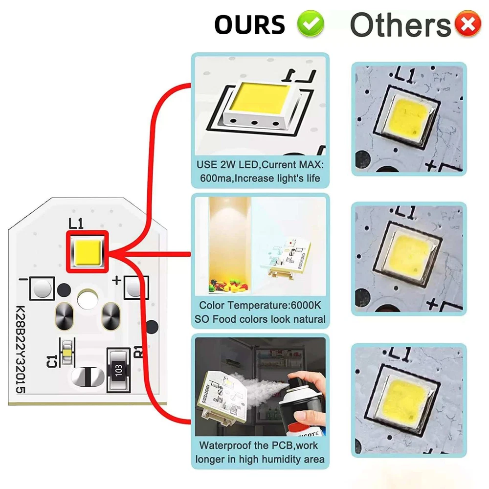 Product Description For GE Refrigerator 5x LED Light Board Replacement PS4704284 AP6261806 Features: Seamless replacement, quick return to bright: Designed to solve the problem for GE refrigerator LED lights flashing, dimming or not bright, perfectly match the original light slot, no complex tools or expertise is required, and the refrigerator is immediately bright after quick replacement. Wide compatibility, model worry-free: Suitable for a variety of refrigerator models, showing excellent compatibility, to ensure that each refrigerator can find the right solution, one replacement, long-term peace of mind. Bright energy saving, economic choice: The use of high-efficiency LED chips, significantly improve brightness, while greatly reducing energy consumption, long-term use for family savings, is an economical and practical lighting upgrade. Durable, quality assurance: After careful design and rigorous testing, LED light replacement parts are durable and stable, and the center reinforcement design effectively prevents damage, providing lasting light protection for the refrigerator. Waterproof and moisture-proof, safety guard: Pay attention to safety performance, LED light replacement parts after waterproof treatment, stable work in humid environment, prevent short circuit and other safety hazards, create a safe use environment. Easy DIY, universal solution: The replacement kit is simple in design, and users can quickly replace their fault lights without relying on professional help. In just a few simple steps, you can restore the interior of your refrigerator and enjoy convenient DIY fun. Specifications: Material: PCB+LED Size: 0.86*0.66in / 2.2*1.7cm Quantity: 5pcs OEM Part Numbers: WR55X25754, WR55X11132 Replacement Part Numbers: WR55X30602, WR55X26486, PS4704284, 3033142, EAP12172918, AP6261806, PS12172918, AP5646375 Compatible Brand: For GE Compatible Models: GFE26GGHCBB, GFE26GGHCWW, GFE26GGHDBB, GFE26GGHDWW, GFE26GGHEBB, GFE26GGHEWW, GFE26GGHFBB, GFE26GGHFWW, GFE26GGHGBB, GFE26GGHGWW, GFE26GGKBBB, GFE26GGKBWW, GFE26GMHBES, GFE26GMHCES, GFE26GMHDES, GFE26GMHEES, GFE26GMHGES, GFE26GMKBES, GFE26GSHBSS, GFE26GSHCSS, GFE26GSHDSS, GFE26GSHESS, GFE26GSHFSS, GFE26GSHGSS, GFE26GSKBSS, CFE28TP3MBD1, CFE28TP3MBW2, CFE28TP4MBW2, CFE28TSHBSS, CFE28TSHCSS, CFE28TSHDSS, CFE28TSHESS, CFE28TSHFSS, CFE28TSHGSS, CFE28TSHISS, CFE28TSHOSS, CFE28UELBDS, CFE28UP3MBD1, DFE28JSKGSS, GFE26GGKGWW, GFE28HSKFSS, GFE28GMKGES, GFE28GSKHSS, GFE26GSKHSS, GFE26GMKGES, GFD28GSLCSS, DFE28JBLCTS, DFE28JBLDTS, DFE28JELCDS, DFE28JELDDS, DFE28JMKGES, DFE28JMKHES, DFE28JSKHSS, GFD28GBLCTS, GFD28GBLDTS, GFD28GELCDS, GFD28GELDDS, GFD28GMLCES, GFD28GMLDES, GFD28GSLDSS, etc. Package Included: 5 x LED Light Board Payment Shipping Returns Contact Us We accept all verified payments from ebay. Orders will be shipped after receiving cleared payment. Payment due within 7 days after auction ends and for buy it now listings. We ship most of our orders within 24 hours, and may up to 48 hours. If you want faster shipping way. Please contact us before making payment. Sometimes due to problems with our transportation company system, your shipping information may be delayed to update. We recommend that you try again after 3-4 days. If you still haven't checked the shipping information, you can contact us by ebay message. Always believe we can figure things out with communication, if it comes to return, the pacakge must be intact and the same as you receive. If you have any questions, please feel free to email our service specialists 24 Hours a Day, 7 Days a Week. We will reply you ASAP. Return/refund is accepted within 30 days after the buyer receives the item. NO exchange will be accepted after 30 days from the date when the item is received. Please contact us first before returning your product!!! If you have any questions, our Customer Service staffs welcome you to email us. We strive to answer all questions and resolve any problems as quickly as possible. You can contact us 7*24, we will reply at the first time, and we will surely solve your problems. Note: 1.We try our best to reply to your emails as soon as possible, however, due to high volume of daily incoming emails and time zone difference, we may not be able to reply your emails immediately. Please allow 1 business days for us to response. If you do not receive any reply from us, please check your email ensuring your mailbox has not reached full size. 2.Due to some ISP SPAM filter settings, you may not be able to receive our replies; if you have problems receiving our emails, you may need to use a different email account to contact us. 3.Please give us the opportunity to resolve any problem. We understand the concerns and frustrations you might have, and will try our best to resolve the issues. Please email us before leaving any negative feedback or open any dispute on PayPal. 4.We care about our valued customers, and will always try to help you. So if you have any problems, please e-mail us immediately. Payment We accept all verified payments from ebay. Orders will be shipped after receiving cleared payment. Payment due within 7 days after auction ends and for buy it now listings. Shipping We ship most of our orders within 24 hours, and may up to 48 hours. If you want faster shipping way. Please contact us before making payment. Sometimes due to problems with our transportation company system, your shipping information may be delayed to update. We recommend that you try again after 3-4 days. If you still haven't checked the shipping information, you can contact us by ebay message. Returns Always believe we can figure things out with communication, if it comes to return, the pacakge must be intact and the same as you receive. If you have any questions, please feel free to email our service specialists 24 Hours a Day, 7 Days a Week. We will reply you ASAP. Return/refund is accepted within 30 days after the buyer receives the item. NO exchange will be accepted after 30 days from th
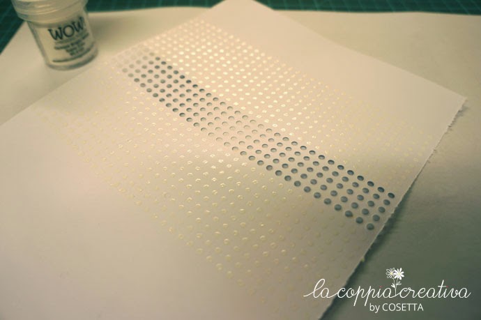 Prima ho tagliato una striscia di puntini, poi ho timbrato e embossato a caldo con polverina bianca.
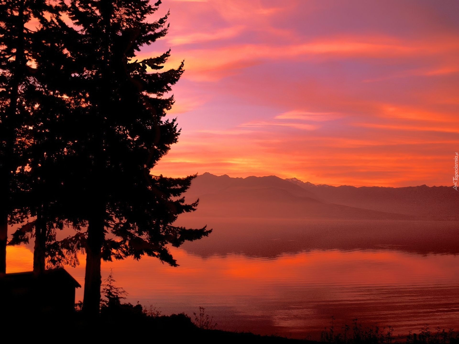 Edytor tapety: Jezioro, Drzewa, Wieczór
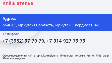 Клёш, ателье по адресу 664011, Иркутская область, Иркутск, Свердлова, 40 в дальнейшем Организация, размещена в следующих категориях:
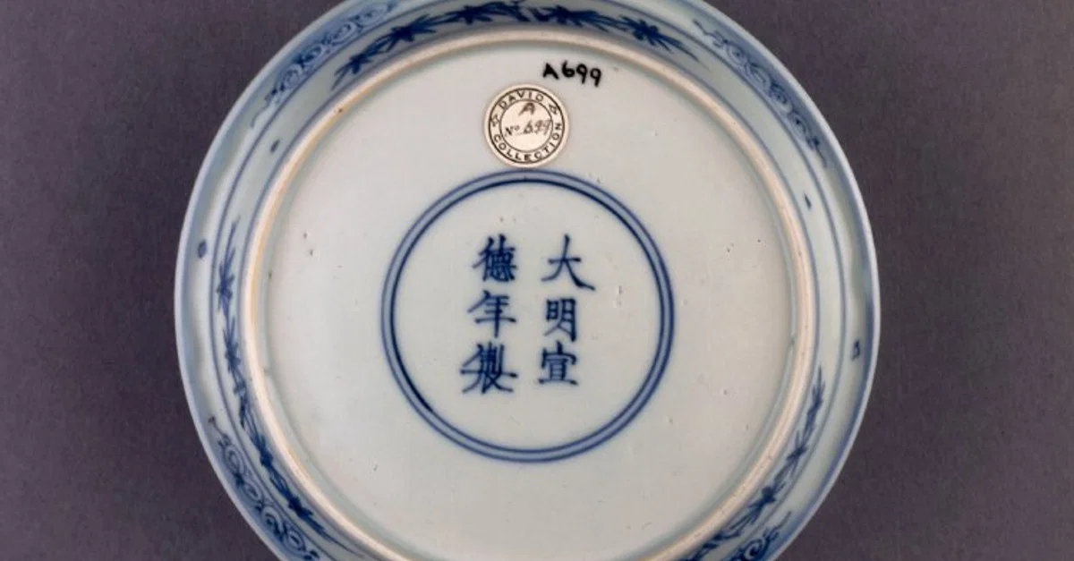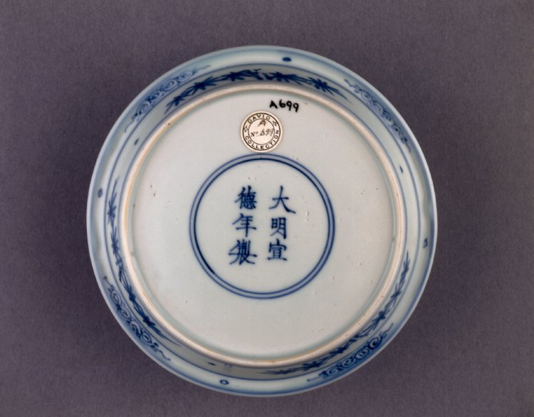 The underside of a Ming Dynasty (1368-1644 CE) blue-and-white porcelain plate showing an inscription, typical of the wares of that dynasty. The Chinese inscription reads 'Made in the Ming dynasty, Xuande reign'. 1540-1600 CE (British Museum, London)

----------

→ The task:
When you output the entries, keep each line exactly as it is and leave out any pictures.

→ Solution for this task:
 Product Description For GE Refrigerator 5x LED Light Board Replacement PS4704284 AP6261806 Features: Seamless replacement, quick return to bright: Designed to solve the problem for GE refrigerator LED lights flashing, dimming or not bright, perfectly match the original light slot, no complex tools or expertise is required, and the refrigerator is immediately bright after quick replacement. Wide compatibility, model worry-free: Suitable for a variety of refrigerator models, showing excellent compatibility, to ensure that each refrigerator can find the right solution, one replacement, long-term peace of mind. Bright energy saving, economic choice: The use of high-efficiency LED chips, significantly improve brightness, while greatly reducing energy consumption, long-term use for family savings, is an economical and practical lighting upgrade. Durable, quality assurance: After careful design and rigorous testing, LED light replacement parts are durable and stable, and the center reinforcement design effectively prevents damage, providing lasting light protection for the refrigerator. Waterproof and moisture-proof, safety guard: Pay attention to safety performance, LED light replacement parts after waterproof treatment, stable work in humid environment, prevent short circuit and other safety hazards, create a safe use environment. Easy DIY, universal solution: The replacement kit is simple in design, and users can quickly replace their fault lights without relying on professional help. In just a few simple steps, you can restore the interior of your refrigerator and enjoy convenient DIY fun. Specifications: Material: PCB+LED Size: 0.86*0.66in / 2.2*1.7cm Quantity: 5pcs OEM Part Numbers: WR55X25754, WR55X11132 Replacement Part Numbers: WR55X30602, WR55X26486, PS4704284, 3033142, EAP12172918, AP6261806, PS12172918, AP5646375 Compatible Brand: For GE Compatible Models: GFE26GGHCBB, GFE26GGHCWW, GFE26GGHDBB, GFE26GGHDWW, GFE26GGHEBB, GFE26GGHEWW, GFE26GGHFBB, GFE26GGHFWW, GFE26GGHGBB, GFE26GGHGWW, GFE26GGKBBB, GFE26GGKBWW, GFE26GMHBES, GFE26GMHCES, GFE26GMHDES, GFE26GMHEES, GFE26GMHGES, GFE26GMKBES, GFE26GSHBSS, GFE26GSHCSS, GFE26GSHDSS, GFE26GSHESS, GFE26GSHFSS, GFE26GSHGSS, GFE26GSKBSS, CFE28TP3MBD1, CFE28TP3MBW2, CFE28TP4MBW2, CFE28TSHBSS, CFE28TSHCSS, CFE28TSHDSS, CFE28TSHESS, CFE28TSHFSS, CFE28TSHGSS, CFE28TSHISS, CFE28TSHOSS, CFE28UELBDS, CFE28UP3MBD1, DFE28JSKGSS, GFE26GGKGWW, GFE28HSKFSS, GFE28GMKGES, GFE28GSKHSS, GFE26GSKHSS, GFE26GMKGES, GFD28GSLCSS, DFE28JBLCTS, DFE28JBLDTS, DFE28JELCDS, DFE28JELDDS, DFE28JMKGES, DFE28JMKHES, DFE28JSKHSS, GFD28GBLCTS, GFD28GBLDTS, GFD28GELCDS, GFD28GELDDS, GFD28GMLCES, GFD28GMLDES, GFD28GSLDSS, etc. Package Included: 5 x LED Light Board Payment Shipping Returns Contact Us We accept all verified payments from ebay. Orders will be shipped after receiving cleared payment. Payment due within 7 days after auction ends and for buy it now listings. We ship most of our orders within 24 hours, and may up to 48 hours. If you want faster shipping way. Please contact us before making payment. Sometimes due to problems with our transportation company system, your shipping information may be delayed to update. We recommend that you try again after 3-4 days. If you still haven't checked the shipping information, you can contact us by ebay message. Always believe we can figure things out with communication, if it comes to return, the pacakge must be intact and the same as you receive. If you have any questions, please feel free to email our service specialists 24 Hours a Day, 7 Days a Week. We will reply you ASAP. Return/refund is accepted within 30 days after the buyer receives the item. NO exchange will be accepted after 30 days from the date when the item is received. Please contact us first before returning your product!!! If you have any questions, our Customer Service staffs welcome you to email us. We strive to answer all questions and resolve any problems as quickly as possible. You can contact us 7*24, we will reply at the first time, and we will surely solve your problems. Note: 1.We try our best to reply to your emails as soon as possible, however, due to high volume of daily incoming emails and time zone difference, we may not be able to reply your emails immediately. Please allow 1 business days for us to response. If you do not receive any reply from us, please check your email ensuring your mailbox has not reached full size. 2.Due to some ISP SPAM filter settings, you may not be able to receive our replies; if you have problems receiving our emails, you may need to use a different email account to contact us. 3.Please give us the opportunity to resolve any problem. We understand the concerns and frustrations you might have, and will try our best to resolve the issues. Please email us before leaving any negative feedback or open any dispute on PayPal. 4.We care about our valued customers, and will always try to help you. So if you have any problems, please e-mail us immediately. Payment We accept all verified payments from ebay. Orders will be shipped after receiving cleared payment. Payment due within 7 days after auction ends and for buy it now listings. Shipping We ship most of our orders within 24 hours, and may up to 48 hours. If you want faster shipping way. Please contact us before making payment. Sometimes due to problems with our transportation company system, your shipping information may be delayed to update. We recommend that you try again after 3-4 days. If you still haven't checked the shipping information, you can contact us by ebay message. Returns Always believe we can figure things out with communication, if it comes to return, the pacakge must be intact and the same as you receive. If you have any questions, please feel free to email our service specialists 24 Hours a Day, 7 Days a Week. We will reply you ASAP. Return/refund is accepted within 30 days after the buyer receives the item. NO exchange will be accepted after 30 days from th
 Prima ho tagliato una striscia di puntini, poi ho timbrato e embossato a caldo con polverina bianca.
 Edytor tapety: Jezioro, Drzewa, Wieczór
 Клёш, ателье по адресу 664011, Иркутская область, Иркутск, Свердлова, 40 в дальнейшем Организация, размещена в следующих категориях:
 The underside of a Ming Dynasty (1368-1644 CE) blue-and-white porcelain plate showing an inscription, typical of the wares of that dynasty. The Chinese inscription reads 'Made in the Ming dynasty, Xuande reign'. 1540-1600 CE (British Museum, London)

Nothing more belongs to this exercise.